To identify the algorithm in differentiating the auditory phenotype of DFNB16 from that of DFNB111, deep learning algorithms were developed. First, the hearing level was measured at seven frequencies (250 Hz, 500 Hz, 1 KHz, 2 KHz, 3 KHz, 4 KHz, and 8 KHz); then, hearing level was measured at six additional frequencies that are intermediates of the initial seven frequencies (in between the abovementioned frequencies). Then, a modified repeated fourfold cross-validation (CV) was performed to minimize the limitation of having a small cohort in this study and to minimize potential bias resulting from random sampling (Fig. S1).24 Next, we designed three distinct core models: (1) a basic neural network consisting of one hidden layer and one fully connected layer (FCN); (2) a long–short term memory (LSTM), which is part of the recurrent neural network (RNN) architecture; and (3) a one-dimensional convolution neural network (1D CNN). Based on these three core models, we modified several parameters and placed additional layers to make ten models.25,26

Statistical analysis

Mann–Whitney test was conducted to compare the audiometric results, depending on the genotypes. Fisher’s exact test was performed to compare the haplotype patterns around p.Gln74* (MPZL2) between the subjects with p.Gln74* and controls. All statistical tests were two-sided, and P values < 0.05 were considered statistically significant.

RESULTS

Demographic and audiologic data of SNU-mild-to-moderate SNHL

Mean age, mean hearing threshold, and proportion of male subjects in our study cohort were 7.63 years, 45.1 dB, and 51.8% (43/83), respectively.
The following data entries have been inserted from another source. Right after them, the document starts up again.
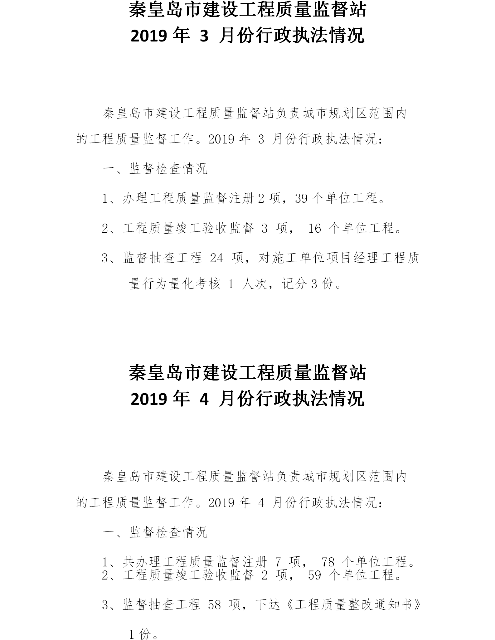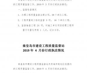 秦皇岛市建设工程质量监督站2019年 3-4 月份行政执法情况
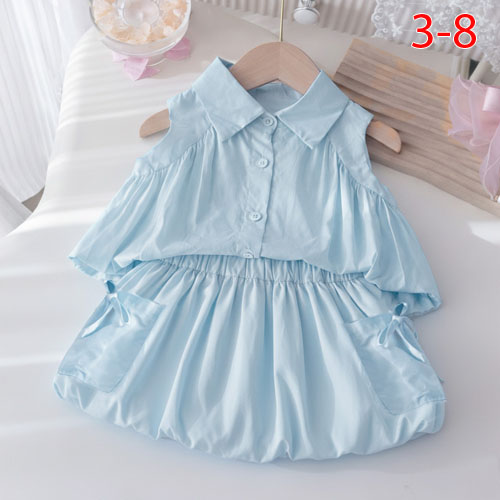A489691 - (2/2) Nexxi Set bé gái vải kate Hàn mềm mát áo dáng bí bo thun lai phối cùng váy bí (có ch
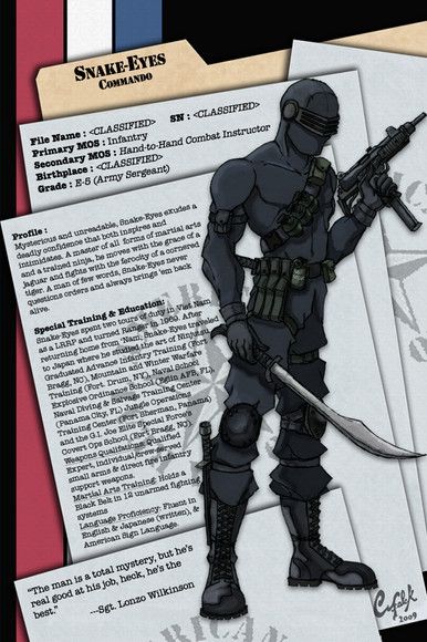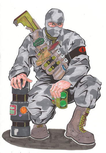 I like this a lot, nice work. You`ve got him pictured how he originally was created (Action Force world) as an Explosive, Espionage, Infiltration, Assassination expert rather than when GI Joe (Larry Hama moreso) started the crusade of Ninja-fiying everyone).
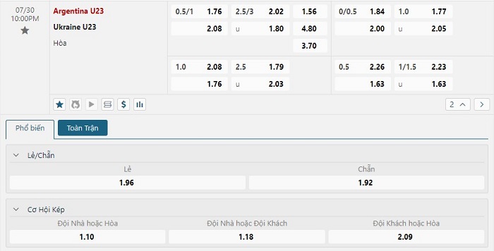 Bảng tỷ lệ kèo bóng đá trận đấu U23 Ukraine vs U23 Argentina
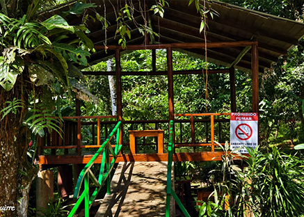 La reserva del lodge se encuentra a unos 2 km del lodge. En la reserva hay una serie de senderos que le llevarán a través de un bosque tropical de gran calidad y plantaciones de reforestación de especies autóctonas. También hay una laguna separada para explorar. Hay terrazas cubiertas y senderos para observar aves en la laguna. El bosque alberga especies difíciles de encontrar, como el hormiguero oscuro, mientras que la laguna es el hogar de especies raras, como la garza tigre rufa.
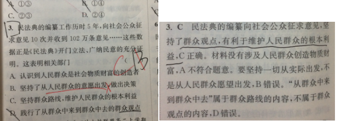 2023.11.4 政治 《高中政治小题狂做.必修4》 第33页第三题C选项 疑惑点:题目中C选项是“坚持群众路线”,所给参考答案是“坚持群众观点”,哪个说法正确?编辑解答:

Genotypic spectrum of SNU-mild-to-moderate SNHL

Genetic diagnosis was made in 52 subjects (52/83 = 62.7%); STRC-related deafness (DFNB16, n = 29, 29/83 = 34.9%) was the most prevalent, followed by MPZL2-related deafness (DFNB111, n = 9, 9/83 = 10.8%) (Tables 1 and 2). Four compound heterozygotes of GJB2, two homozygous SLC26A4 variants, two de novo TECTA variants, and two compound heterozygote USH2A variants were also found to be causes of deafness in our cohort. Compound heterozygotes of OTOG, PDZD7, and LOXHD1 accounted for deafness in the remaining three subjects (Table 2). p.Gln1353* and p.Leu1409Serfs25* were the most commonly detected point mutations of STRC (Table 1).

Table. 1 Genotypic spectrum of 29 DFNB16 subjects.
Table. 2 Genotypic spectrum of sporadic or autosomal recessive, mild-to-moderate SNHL cohorts other than DFNB16.

The significant contribution of STRC CNVs to DFNB16 was noted. Among the 29 DFNB16 subjects, 27 subjects carried at least one copy of CNV encompassing STRC (CNV-STRC); of these, 10 subjects carried only one copy and 17 subjects carried two copies. Exome sequencing alone without incorporation of MLPA showed a significant diagnostic discrepancy compared with combined MLPA+ exome sequencing strategy in 88.9% (16/18) of cases. With cases identified by exome sequencing alone, LR/nested PCR was essential for the confirmative genetic diagnosis to completely exclude the contamination effect from pseudogene.

For the remaining cases where a genetic etiology was not confirmed after MLPA and/or exome sequencing, screening of MPZL2 identified nine MPZL2-related deafness cases, and p.Gln74* was the most common causative variant involved in every DFNB111 case in our cohort (Table 2). Detailed information of each causative variant is described in Table S1.

Genotyping of STR markers in MPZL2

p.Gln74*-linked haplotypes of six STR markers were analyzed among the controls and hearing-impaired patients (Table S2). Variants arose from diverse haplotypes, even in patients with homozygous p.Gln74* alleles, and no haplotype was significantly associated with p.Gln74*, even when considering four (D11S1986, D11S4127, D11S925, and D11S4107) or two STR markers (D11S1986 and D11S4171) (subjects [2/9] vs. control [10/81], P = 0.439; subjects [2/9] vs. control [9/81], P = 0.302, respectively, by Fisher’s exact test) (Fig. S2 and Table S2). This argues against the presence of a single common founder allele linked to p.Gln74*. However, considering the significantly higher minor allele frequency of p.Gln74* in Koreans and Japanese compared with other populations (Table S3), our results suggest that the p.Gln74* allele could be a very old founder allele exclusively in Koreans that went through numerous recombinations across multiple generations and finally came to retain only a very narrow common haplotype that we could not detect.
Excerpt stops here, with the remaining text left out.